Cloud9 SaaS Analytics Platform
Introduction
Cloud9 Analytics’ mission is to deliver powerful business analytic applications for revenue performance management as a service over the Internet. As a SaaS vendor, the company’s offerings have to satisfy the expectations of line of business managers, the typical SaaS buyer. The fast growing SaaS marketplace, exemplified by companies like cloud CRM provider salesforce.com, has produced a checklist for successful SaaS offerings: they must be packaged applications, domain and role aware, delivering zero time–to–value, and requiring no IT staff or skills.
While SaaS vendors of transactional applications are finding great acceptance, no vendor before Cloud9 Analytics has ever delivered revenue performance management applications that met all these criteria. The Cloud9 Analytics’ platform architecture was designed specifically to do so, and was shaped by five key design requirements:
- Automated Data Warehousing
- Lazy Analytics
- Mass Customization
- Zero Administration
- Cloud Scalability
Each of these requirements led to novel decisions about technology architecture and implementation.
Automated Data Warehousing
The last three decades of IT experience with on–premise data warehousing can be typified by projects that are slow, incomplete and expensive. The mix of multiple tools and skills (database, ETL, quality, design, operations, etc.), complex business requirements, performance challenges, data volume growth and increasing velocity of business change led to expensive, failure-prone initial projects and large operational teams and overhead dedicated to ongoing maintenance.
Clearly, replicating this type of data warehousing project “in the cloud” makes little sense. The whole point of the economics of subscription SaaS offerings is that they can only be supported by fully automated, multi-tenant (or, even better, pooled) infrastructure. If teams of IT professionals are required to support each analytics customer, the SaaS model would not work.
Cloud9 Analytics recognized early on that a new approach to data warehousing was required in the SaaS domain, one that still delivered the “system of record” for historical truth, but one based on very different architectural considerations and technological capabilities.
Versioned Replication
Cloud9 started by deconstructing the traditional data warehousing infrastructure and processes and synthesized a radically new approach we call Versioned Replication. This innovation delivers the automation, flexibility and scale required to truly bring analytic solutions into the cloud era.
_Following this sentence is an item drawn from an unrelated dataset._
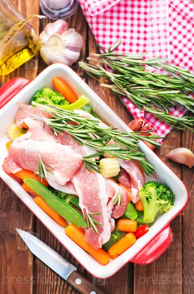 Сырое мясо с овощами
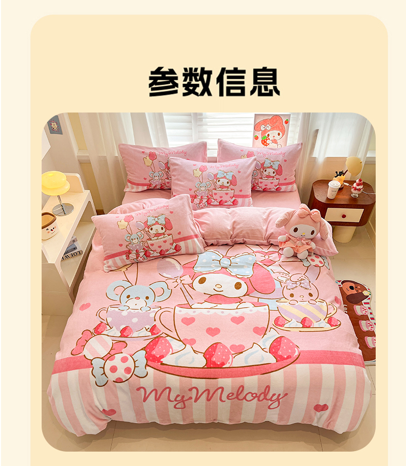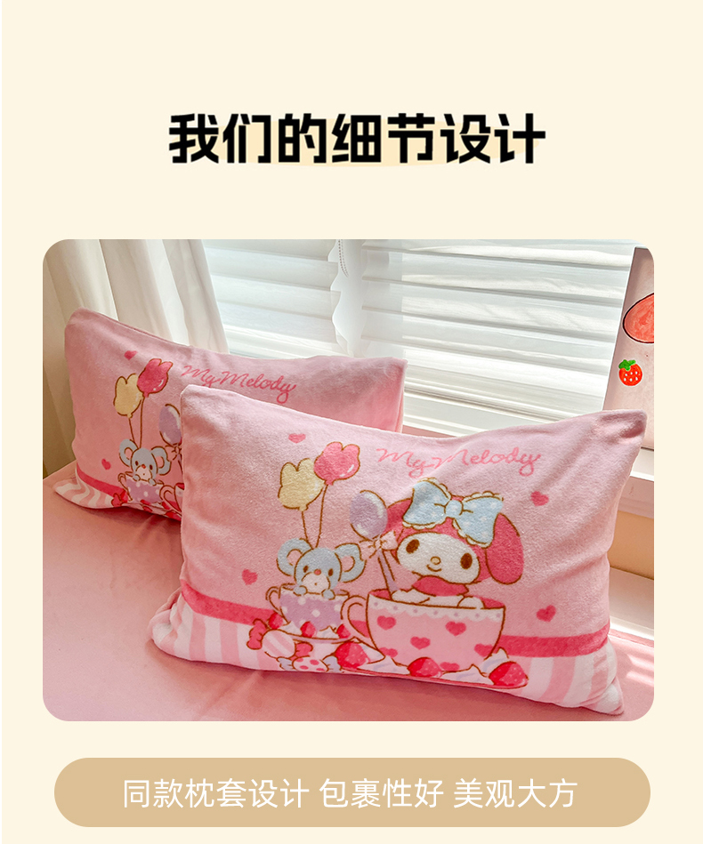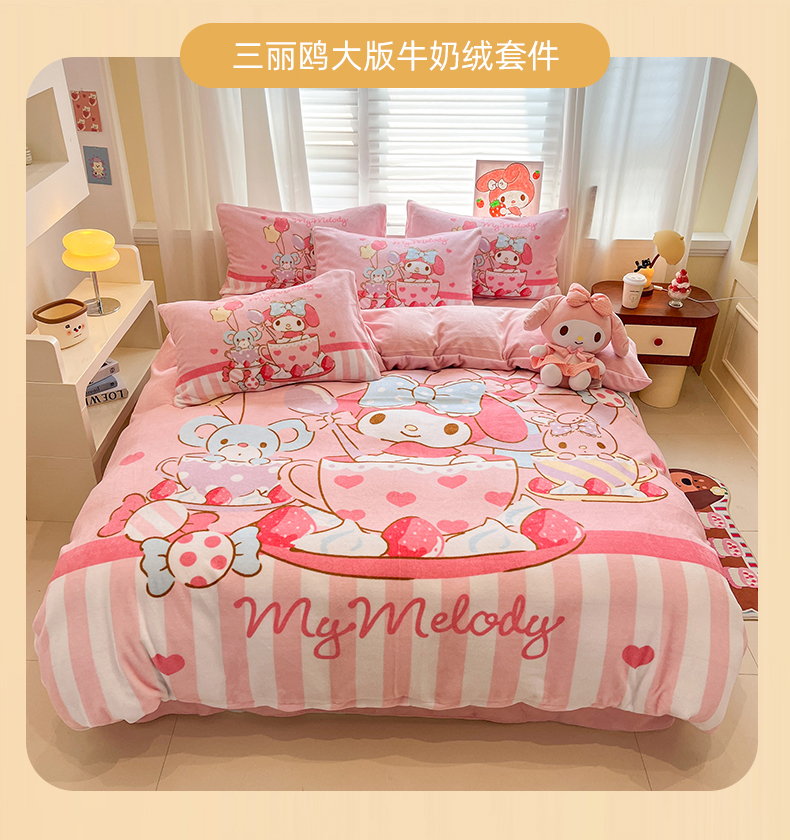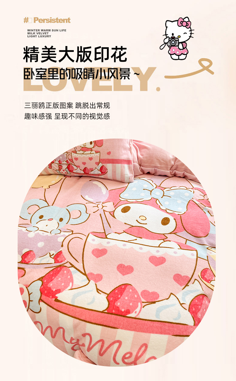 当前位置: 91家纺网 > 商品网购 > 床品套件 > 四件套 > 牛奶绒四件套 > 金爱家 2025新品正版三丽鸥授权大版卡通平网数码印花加厚高克重牛奶绒系列四件套 绒大版-开心美乐蒂

In traditional data warehousing, decisions about how the warehoused data will eventually be used are made up front, and locked into the physical structure of the data warehouse. First, teams of database designers, subject matter experts and business analysts work together to design large, complex schemas. Then database administrators instantiate those schemas in traditional relational databases and tune them carefully for performance. Finally, ETL developers define custom data extraction, transformation and loading scripts that physically move and reshape data from source systems into the data warehouse.
In Cloud9 Analytics’ Versioned Replication approach, no assumptions are made up front about how the warehoused data will eventually be used. The warehouse is managed separately from the solutions that will eventually be built on it. This allows the data warehouse tier to efficiently become the system of record for historical truth, and nothing less.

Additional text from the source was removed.